Cliff in the American state of Wyoming

White Rock is a cliff with an 11,284 ft summit located in Sublette County of Wyoming, United States.

== Description ==
This geographical feature is part of the remote Wind River Range and is situated six miles west of the Continental Divide. It is set in the Bridger Wilderness, on land managed by Bridger-Teton National Forest. Topographic relief is significant as the west aspect rises 3,300 ft above the Green River in approximately one mile. It is between Flat Top Mountain, 2.3 miles to the north-northeast, and Squaretop Mountain, 2.65 miles to the south. The iconic view of White Rock and Squaretop Mountain from Green River Lakes has been on the Wyoming licence plate since 2016.

== Geology ==
The mountain is composed of sedimentary rock that was laid down up to 450 million years ago in an ancient sea.
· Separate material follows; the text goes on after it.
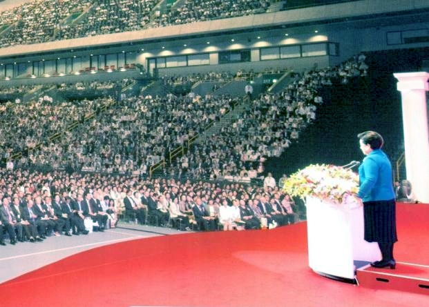 I am completely overwhelmed with emotions through this rally commemorating the fifty-fifth anniversary of mission work in Japan. That was a time when diplomatic relations between Korea and Japan had not been normalized yet. However, Father, the True Parent of Heaven, Earth, and Humankind had thought of this day. You must not forget that present-day Japan exists because of True Parents' forgiveness, love and the grace of the Blessing.
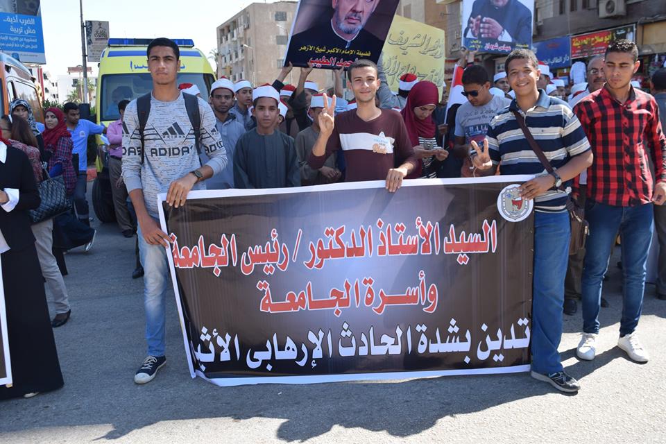 شاركت جامعة سوهاج جميع مؤسسات الدولة في مسيرة حاشدة للتنديد بالإرهاب ودعم الشرطة والجيش، بحضور الدكتور أيمن عبد المنعم محافظ سوهاج، واللواء عمر عبد العال مساعد وزير الداخلية مدير الأمن، والعقيد وليد حسانين المستشار العسكري، ولفيف من القيادات الشعبية والتنفيذية بالمحافظة، صرح بذلك الدكتور احمد… اقرأ المزيد »جامعة سوهاج تشارك في مسيرة حاشدة ضد الارهاب

The uppermost stratum is 300 million-year-old Madison Limestone, where seashell fossils are common. The cliff-forming limestone overlays a broken band of Darby Formation, which in turn overlays cliff-forming Bighorn Dolomite. The once sea-level strata were uplifted during the Laramide orogeny. Obsidian chippings have been found near the summit, suggesting the first ascent was possibly made by Native Americans.

== Climate ==
According to the Köppen climate classification system, White Rock is located in an alpine subarctic climate zone with long, cold, snowy winters, and cool to warm summers. Due to its altitude, it receives precipitation all year, as snow in winter, and as thunderstorms in summer. Precipitation runoff from the mountain drains into the Green River.

==Hazards==

Encountering bears is a concern in the Wind River Range. There are other concerns as well, including bugs, wildfires, adverse snow conditions and nighttime cold temperatures.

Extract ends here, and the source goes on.